報道によると『米食品医薬品局は「摂取し過ぎると心筋梗塞などの発症リスクが高まるとされるトランス脂肪酸」について、「安全とは認められない」として「食品に用いることを原則禁止する規制案」を提示した。60日の意見聴取期間と業界が順守策を講じるために必要な猶予期間を経て施行する。責任者は「トランス脂肪酸の摂取量は公衆衛生上の重大な懸念を招く水準だ」と指摘。規制により「年間2万人の心筋梗塞患者の発生を阻止し、心臓疾患による死者数も7000人減らせる」と強調した』と言う事である。多分「反対なしで施行」と思う。

識者は『米国では2006年にトランス脂肪酸の使用表示が義務付けられて以降使用量は減っているが「より踏み込んだ対策が必要」と判断したのである。トランス脂肪酸はマーガリン&ショートニング・マヨネーズなどの油脂・それらを原料として製造された食品・加工油脂で揚げたフライなどに含まれていることが確認されている。トランス脂肪酸の過剰摂取は「悪玉コレステロールといわれているLDLコレステロールを増加させ・善玉コレステロールといわれているHDLコレステロールを減少させる」ので「動脈硬化・心臓疾患・ガン・免疫機能・認知症・不妊・アレルギー・アトピーなどへの悪影響」が報告されている。

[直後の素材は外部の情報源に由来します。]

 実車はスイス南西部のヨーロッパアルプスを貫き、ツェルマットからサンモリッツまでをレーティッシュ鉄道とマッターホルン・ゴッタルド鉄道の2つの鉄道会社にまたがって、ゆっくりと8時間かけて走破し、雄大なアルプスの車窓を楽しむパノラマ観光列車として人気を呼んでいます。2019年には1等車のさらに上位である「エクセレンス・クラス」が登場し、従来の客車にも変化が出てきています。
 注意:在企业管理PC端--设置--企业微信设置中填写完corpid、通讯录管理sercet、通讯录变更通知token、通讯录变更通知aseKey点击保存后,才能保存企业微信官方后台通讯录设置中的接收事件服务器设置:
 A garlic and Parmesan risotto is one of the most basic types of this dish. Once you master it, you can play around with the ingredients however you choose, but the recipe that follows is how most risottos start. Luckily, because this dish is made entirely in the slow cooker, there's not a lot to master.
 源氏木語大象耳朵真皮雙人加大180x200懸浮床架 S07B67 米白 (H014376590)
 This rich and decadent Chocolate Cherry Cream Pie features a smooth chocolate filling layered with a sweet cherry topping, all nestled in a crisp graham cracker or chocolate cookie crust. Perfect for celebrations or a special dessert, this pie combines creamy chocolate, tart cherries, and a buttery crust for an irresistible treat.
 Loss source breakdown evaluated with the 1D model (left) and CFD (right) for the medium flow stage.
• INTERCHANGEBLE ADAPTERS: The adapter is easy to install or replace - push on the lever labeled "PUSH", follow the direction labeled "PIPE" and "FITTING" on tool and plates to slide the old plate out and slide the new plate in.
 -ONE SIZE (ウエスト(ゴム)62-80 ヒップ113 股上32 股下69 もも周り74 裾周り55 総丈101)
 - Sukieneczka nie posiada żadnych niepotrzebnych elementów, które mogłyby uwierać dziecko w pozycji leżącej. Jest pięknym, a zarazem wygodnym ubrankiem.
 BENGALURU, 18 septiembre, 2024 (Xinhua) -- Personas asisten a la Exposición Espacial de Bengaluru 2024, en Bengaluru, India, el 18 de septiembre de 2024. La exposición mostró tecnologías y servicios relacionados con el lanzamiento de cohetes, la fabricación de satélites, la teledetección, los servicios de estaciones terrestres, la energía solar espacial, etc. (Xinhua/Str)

アメリカではトランス脂肪酸の一人当たりの摂取量は「20歳以上の大人で一日当たり平均約5.8g」である。日本では「トランス脂肪酸の摂取量は硬化油・乳製品・肉・バター・精製植物油の摂取量を考慮して推計しても一日当たり平均1.56g」となっている。WHO(世界保健機関)とFAO(食糧農業機関)も「食事からのトランス脂肪酸の摂取を極めて低く抑えるべきであり、最大でも1日当たりの総エネルギー摂取量の1%未満とするようにと勧告」している』と言う。

最近やたらと「カロリーハーフ商品」が目につくのは「こんな背景が…」と思うのである。それにしてもトランス脂肪酸が認知症・不妊症・アトピーにも影響する」は驚きである。「フライ好き・マヨラー」のA子さん「ご用心」を…。